На одном из крутых подъемов он застонал от боли в правой ноге, И эта боль вернула его к действительности. Он слез с велосипеда и в первый момент чуть было не потерял равновесия — земля закружилась, быстро убегая из-под ног. Потом он посмотрел на Лизу, которую машинально продолжал прижимать к груди. Она по— прежнему не приходила в сознание, и Осокину начало казаться, что она умерла, — у него вдруг исчезла уверенность в том, что, пока он ее держит, она должна остаться живой. Он приложил ухо к груди девочки и, ощущая щекой тоненькие ребра под разорванным платьем, старался расслышать биение сердца, но ничего не слышал. «Дурак, испугался, что бумаги не в порядке, и не отвез ее в госпиталь. Боже мой, какой я дурак! — с отчаянием повторял он про себя. — Теперь уже поздно, уже все погибло, и это я виноват, струсил, о боже мой, какой я дурак».
Оглянувшись, он увидел неподалеку под горою небольшой крестьянский дом. Впрочем, этот дом он видел и раньше, но только теперь осознал, что в нем, должно быть, живут люди. Забыв о боли в ноге, он побежал полем, с трудом перебрался через глубокую канаву — велосипед он тащил с собой — и в тот момент, когда входил во двор фермы, заметил, что Лиза на секунду открыла глаза.
На крыльцо, сложенное из грубо обточенных камней, вышла молодая женщина, державшая в руках медную кастрюлю. Женщина сказала ему что-то, но Осокин ничего не понял: он видел только, как она открывала рот и вместо голоса откуда-то доносился еле различимый писк. Осокин пытался объяснить, что с ним случилось, повторял отдельные слова: «бомбардировка», «Этамп», «воды», но и своего собственного голоса он почти не различал. «Да что же это такое, — подумал он, — оглох я, что ли?» Женщина ему ответила, и на этот раз он понял несколько слов — она приглашала его войти в дом. «Я услышал или догадался?» — думал он, укладывая Лизу на маленький диванчик, стоявший в углу закопченной, но чисто выметенной кухни. «Сделала она движение рукой, приглашая войти? Нет, кажется, не сделала». Тут Лиза начала тереть глаза, потом открыла их и, глядя в упор на Осокина, спросила что-то (вероятно: «Где мама?»).
— Мама осталась в Этампе, знаешь, в том городе, где мы были.
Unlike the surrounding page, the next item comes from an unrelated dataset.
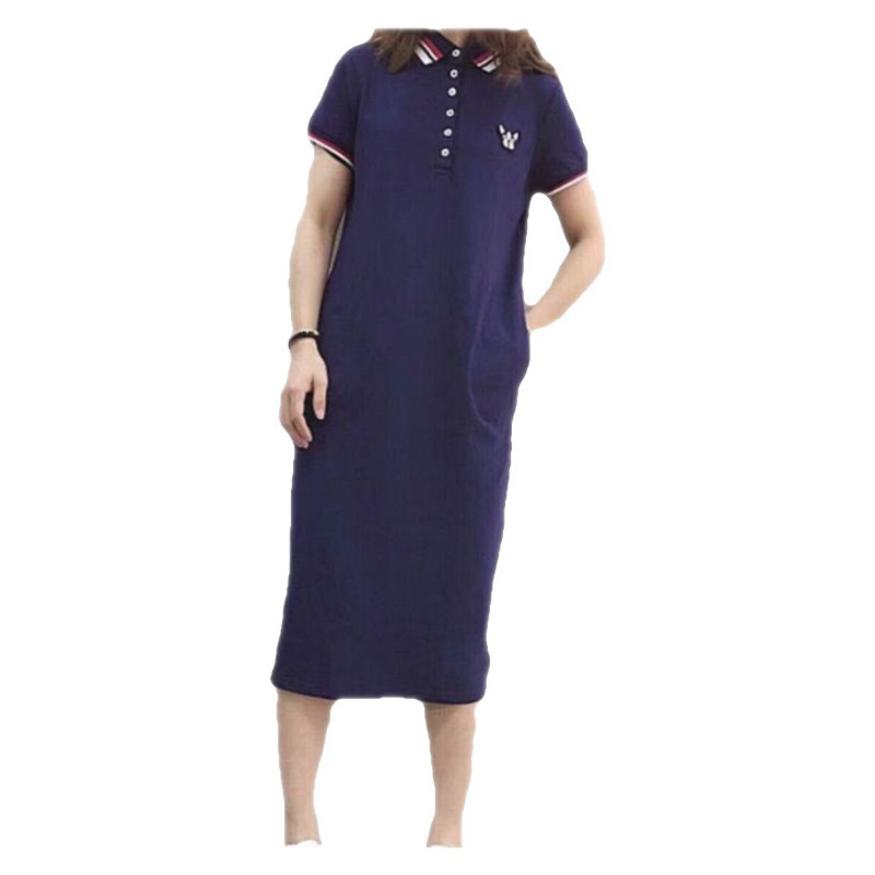 外贸原单 新款polo领通勤显瘦连衣裙保罗纯棉宽松中长款过膝裙子

Она сказала, чтобы я тебя отвез на Олерон на велосипеде. В поезде не было места. — «Какую ерунду я говорю!» — пронеслось у него в голове.
Однако Лиза отнеслась к его словам совсем спокойно. Впрочем, может быть, она тоже плохо слышала или просто не вполне ясно соображала, что с нею происходит и где она находится.
Молодая женщина взяла Осокина за руку и подвела его к зеркалу, висевшему позади большого буфета, в простенке. В зеленоватом стекле он увидел свое лицо, совершенно белое от пыли, пересеченное черными полосами царапин. На этой неправдоподобной клоунской маске, неподвижной и мертвенной, горели неестественно расширенные, сумасшедшие глаза, из голубых превратившиеся в сине-черные. Воротничок был разорван, галстук сполз на сторону, и пиджак покрылся разводами грязи. Лицо и особенно глаза настолько были не похожи на то, к чему привык Осокин, что он совершенно растерялся и в течение нескольких секунд не мог прийти в себя. Он чувствовал, что уходит из привычного мира в какой-то другой, становится человеком, отрешившимся от всего, чем он жил последние годы. Закружилась голова, ему почудилось, что он стоит на грани безумия, и невольно с ужасом он закрыл глаза…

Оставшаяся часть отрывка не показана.